Небольшое утешение, но на протяжении месяца, который Анджело пролежит в реанимации, нам придется довольствоваться этим.
Хотя футболисты и имеют некоторые преимущества, но они – такие же работники, как и все остальные, и так же, как и остальные, должны уметь управлять своими эмоциями, особенно негативными. Однако у них есть смягчающие обстоятельства: когда они выполняют свою работу, одну из самых конкурентных, они находятся в постоянном физическом контакте. И сохранять спокойствие после того, как тебя бьют локтем в лицо, намного сложнее, чем при обычном разговоре в офисе.
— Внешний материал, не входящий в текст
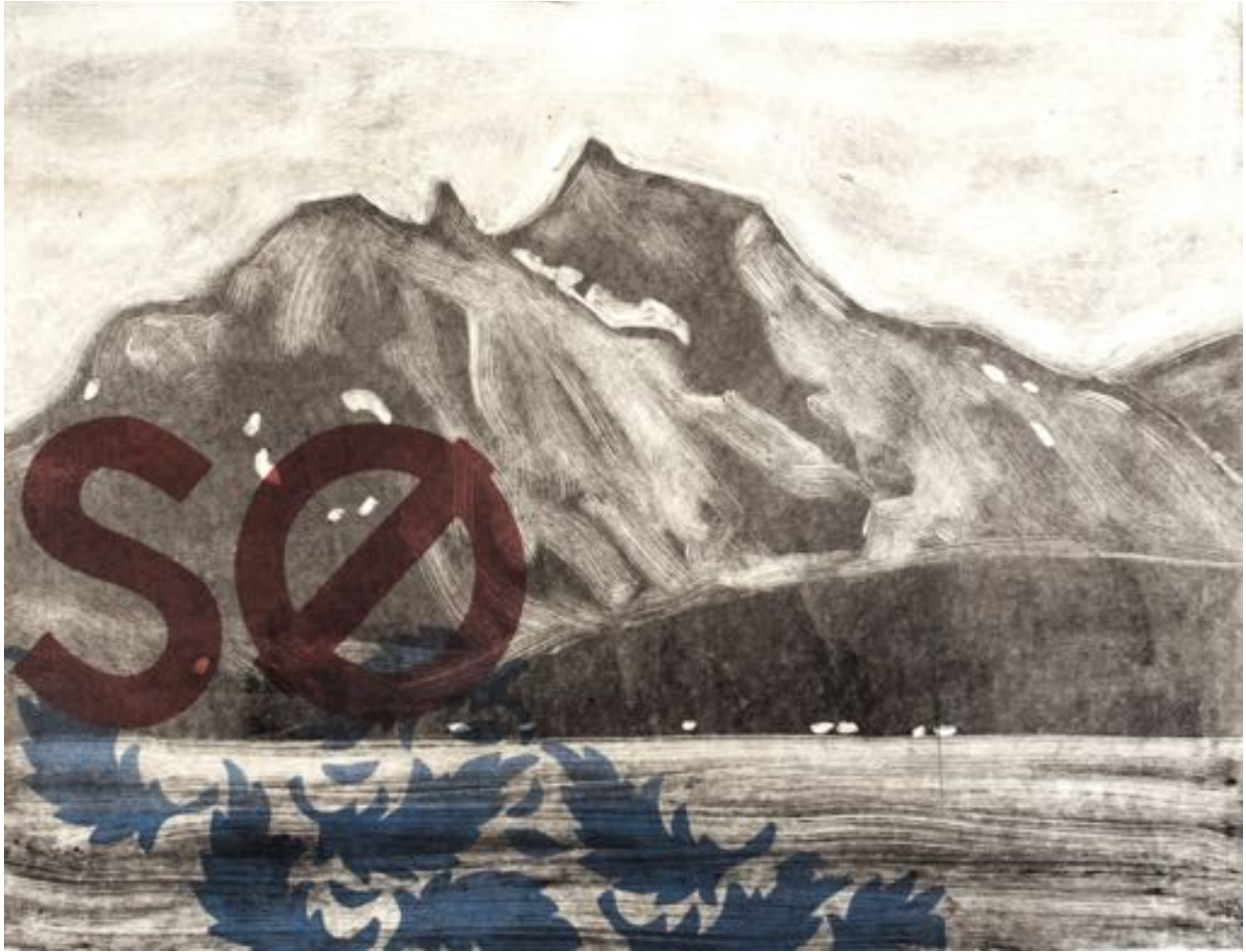
Tammy Ratcliff, Mountain View (...sø) , 2016, Lithograph and monotype with chine collé, 18.5"H x 22.5"W, $800.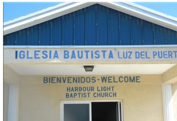
Roatán church in French Harbour

В тот вечер в Ливорно я был другим Франческо, выбитым из колеи, скажем прямо – разобранным, рискующим потерять дорогого ему человека. И я сейчас хочу не столько того, чтобы вы меня поняли (авария Анджело – не оправдание), сколько того, чтобы вы поняли человеческую способность Вито читать ситуации, которые меня касаются, и вмешиваться в них. В ту минуту, когда арбитр показал мне красную карточку, я мог как-то отреагировать, даже выйти за рамки, потому что на сильное беспокойство могла наложиться ярость от несправедливого удаления. Вито сразу сообразил, что в этот раз раздражение – не совсем такое, как обычно, возможно, – опасное, и фактически встал между мной и остальным миром и получил от меня толчок, который отправил его на землю. В тот вечер он вышел и к прессе, сказав, что ничего особенного не случилось, и объяснив всем причины моего состояния, попросив при этом не писать это. Наконец, нелепая сторона этой истории заключается в том, что после того, как я пересмотрел этот эпизод, мне было так стыдно, что я даже не нашел в себе мужества извиниться перед ним и никогда больше не касался этой темы. Поэтому я делаю это сейчас. Друг мой, прости меня за это.